BY Alison O’Riordan
A MAN was found naked in a field after he killed his West Cork-born wife at their rural Co Mayo home nearly four years ago, a jury has heard.
During the opening of the trial of James Kilroy at the Central Criminal Court this week, a prosecuting barrister said that a jury will have to assess if he was ‘simply guilty of murder’ as the State contends ,or if he was insane at the time of the killing or suffered from a mental disorder that diminished his responsibility.
Barrister Anne-Marie Lawlor SC, for the DPP, said a mental disorder did not include intoxication and that was important in the case.
The jury heard that Cork woman Valerie French Kilroy’s body was found in a camper van on the grounds of her home, which was located in a remote rural area around 6km from Westport in Co Mayo. She had died from strangulation with a ligature, as well as blunt force trauma to the head, and a stab wound to the neck.
Evidence will be given, said the lawyer, that Mr Kilroy was displaying ‘erratic behaviour’ and was found naked in a field. He was taken to Castlebar Hospital where he was assessed and later told gardaí that he had killed his wife and kids. The three young children were later found unharmed.
Barrister Patrick Gageby SC is defending Mr Kilroy.
Kilroy (49), with an address at Kilbree Lower, Westport, is charged with murdering mother-of-three Valerie (41) at their home on a date unknown between June 13th 2019 and June 14th 2019, both dates inclusive. He has pleaded not guilty, by reason of insanity.
Opening the prosecution’s case, Ms Lawlor said Mr Kilroy is charged with the offence of murder and the State says he is guilty of that offence.
She said the killing was accepted by the accused. ‘What isn’t accepted is that he had a guilty mind or the intention to cause the death,’ she added.

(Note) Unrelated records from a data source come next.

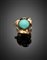 Anello in oro 585/1000 e argento con turchese cabochon centrale di mm 13.30 cir
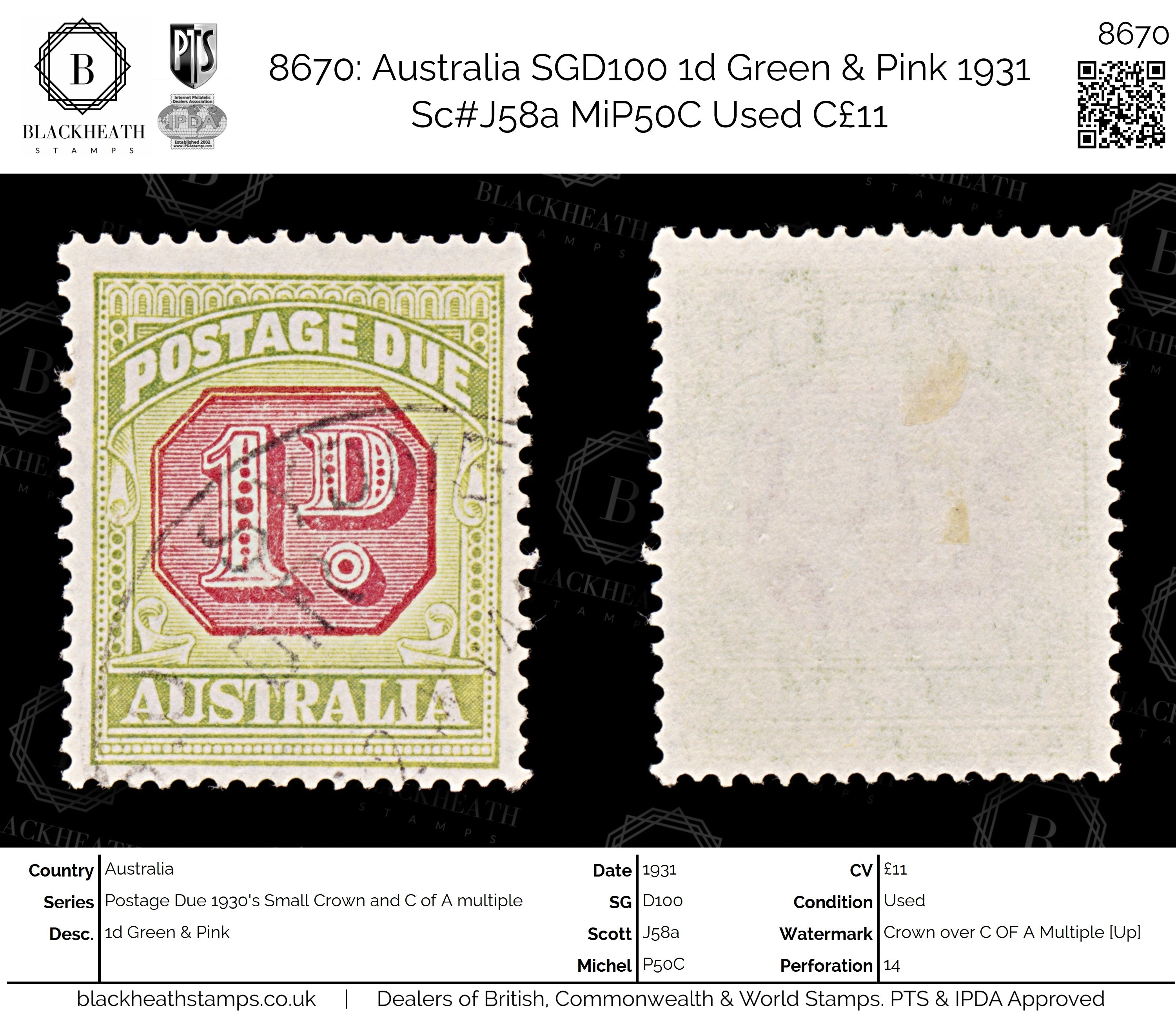8670: Australia SGD100 1d Green & Pink 1931 Sc#J58a MiP50C Used C£11
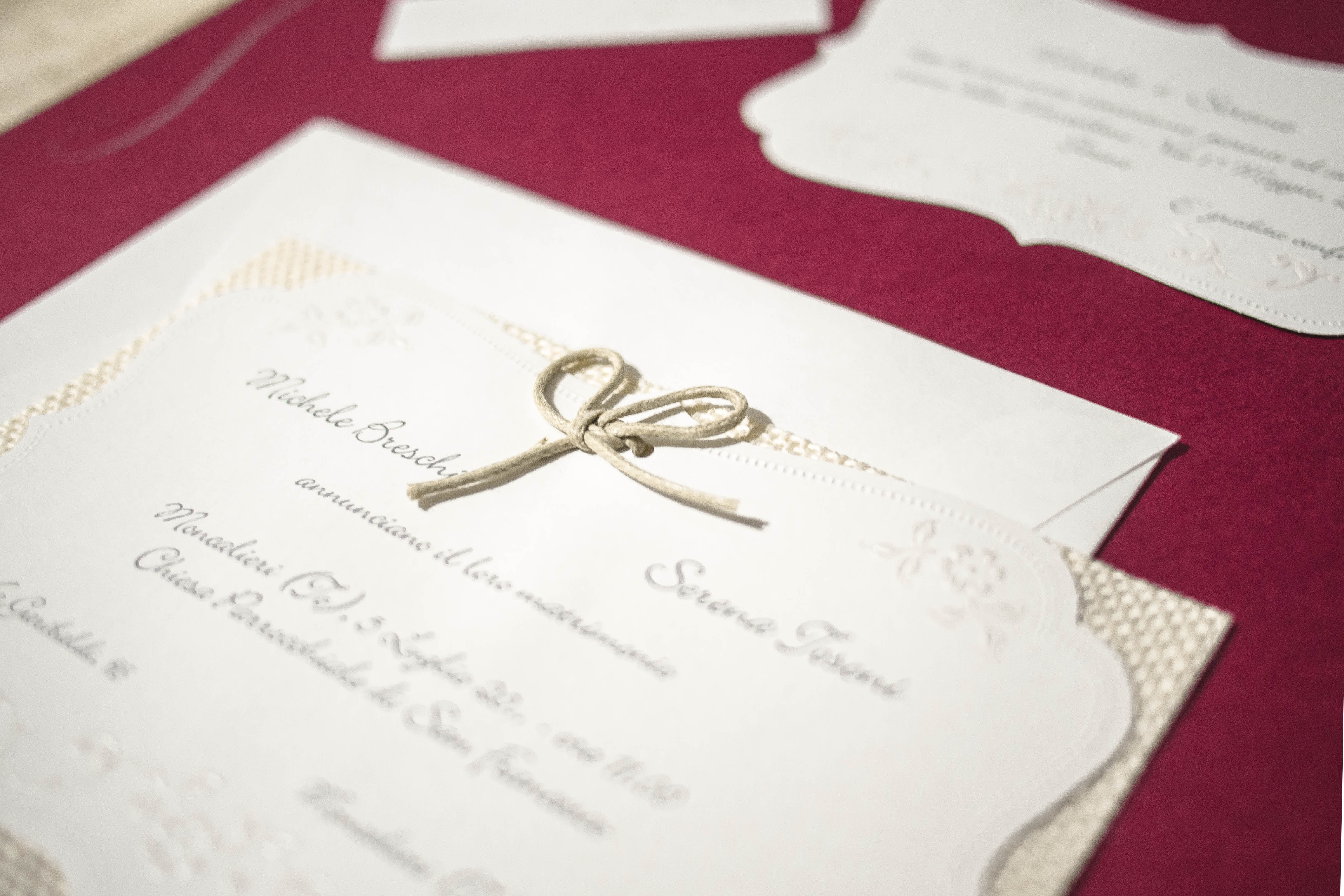 Un cartoncino bianco con dettagli in termorilievo perlato poggiato su un rettangolo di juta beige chiaro. Il tutto viene tenuto insieme da un fiocco in spago chiaro.

There will be evidence, she said, concerning the psychiatric state of Mr Kilroy. A person is not guilty of the offence if they were suffering from a mental disorder, she said.
The second issue that the jury will be asked to determine is whether the accused has a mental disorder and whether he knew the nature of what he was doing or knew it was wrong or was unable to stop himself.

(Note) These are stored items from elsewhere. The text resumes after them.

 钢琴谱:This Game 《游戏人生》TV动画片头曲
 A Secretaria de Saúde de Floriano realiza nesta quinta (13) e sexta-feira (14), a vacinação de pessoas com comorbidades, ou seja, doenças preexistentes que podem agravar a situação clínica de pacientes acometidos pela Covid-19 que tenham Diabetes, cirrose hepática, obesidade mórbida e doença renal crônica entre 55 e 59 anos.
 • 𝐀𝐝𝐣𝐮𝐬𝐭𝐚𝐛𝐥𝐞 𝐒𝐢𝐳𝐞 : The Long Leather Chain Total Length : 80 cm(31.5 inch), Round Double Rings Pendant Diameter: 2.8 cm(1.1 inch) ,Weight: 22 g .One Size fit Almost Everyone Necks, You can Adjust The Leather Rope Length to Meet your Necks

Another legal provision that the jury will be hearing about in the course of the trial is the defence of diminished responsibility.

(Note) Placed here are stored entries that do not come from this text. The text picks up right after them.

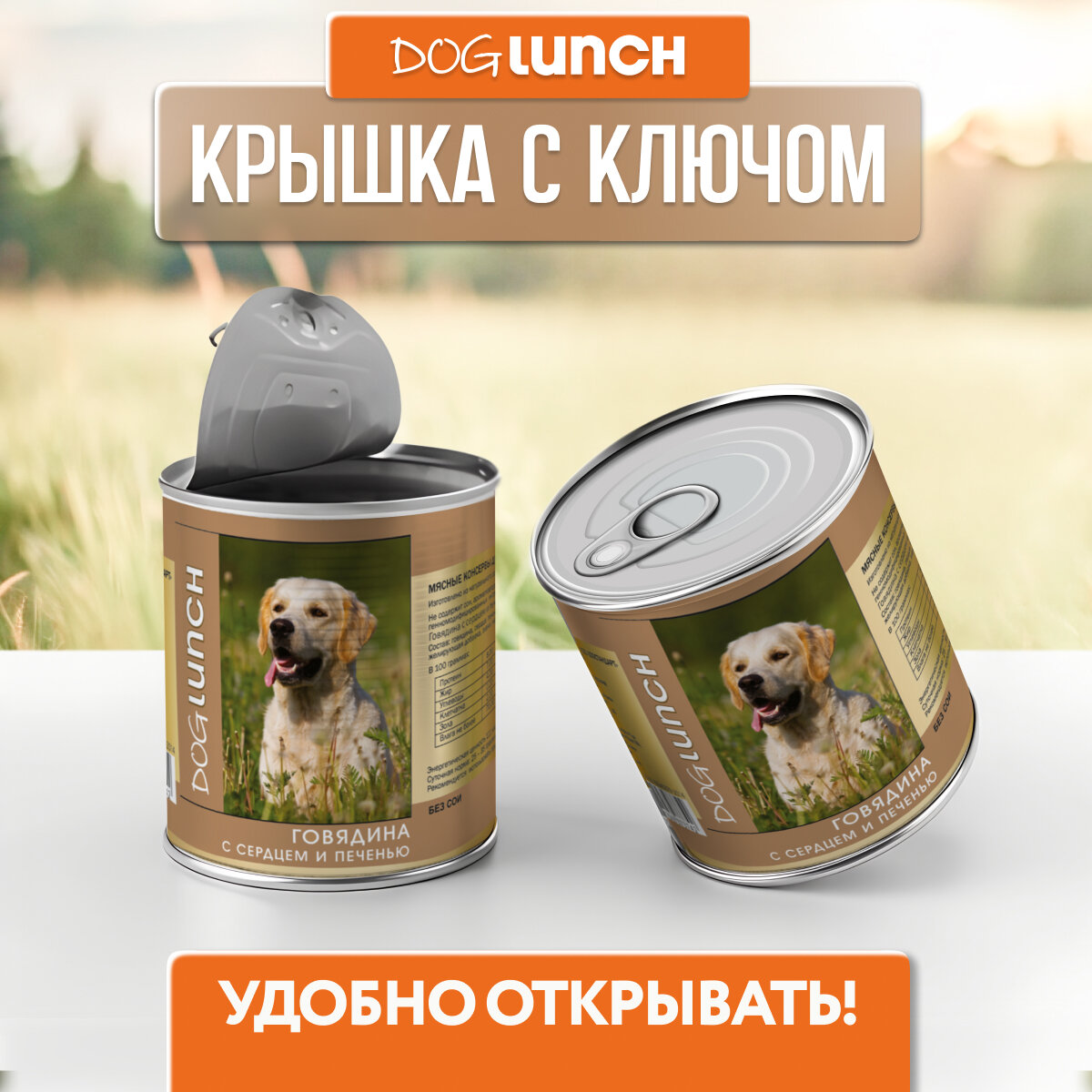 Дог Ланч консервы для собак Говядина, сердце и печень, 750 г. упаковка 12 шт
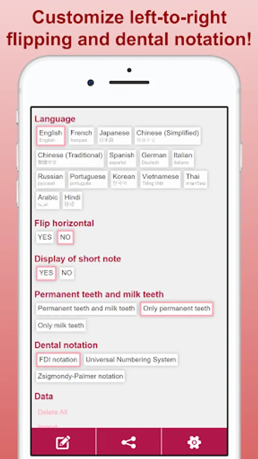 You can customize whether to flip horizontally and the dental notation method (FDI notation, Universal Numbering System, or Zsigmondy-Palmer notation) that indicates the location of the teeth.
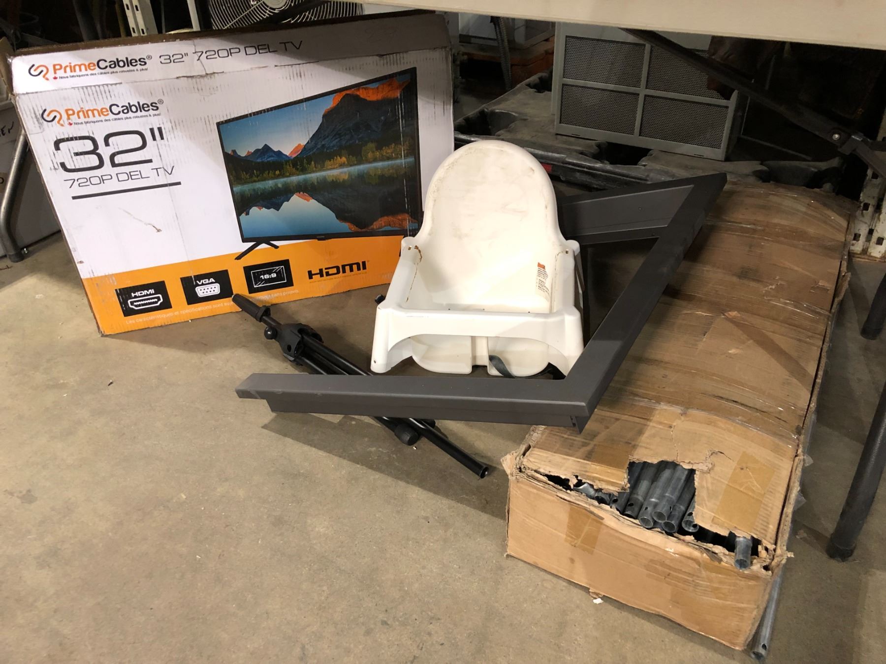 Group of assorted items 32" TV (not working)/child's booster seat & misc. metal poles (new store returned item)

The court heard further evidence will come from a variety of experts as to what Mr Kilroy’s mental state was at the time and whether he has a mental disorder.
Outlining the facts of the case, Ms Lawlor said Ms French Kilroy was a senior occupational therapist for Mayo Mental Health Services and had married the accused man in April 2008. They had been partners for the previous ten years and had three dearly loved young children, who were conceived through IVF, she said. The Kilroys lived in a bungalow in a remote rural location in Mayo, around 6km from Westport and 11km from Castlebar. She also indicated to the jury that this was where Ms French Kilroy had been killed.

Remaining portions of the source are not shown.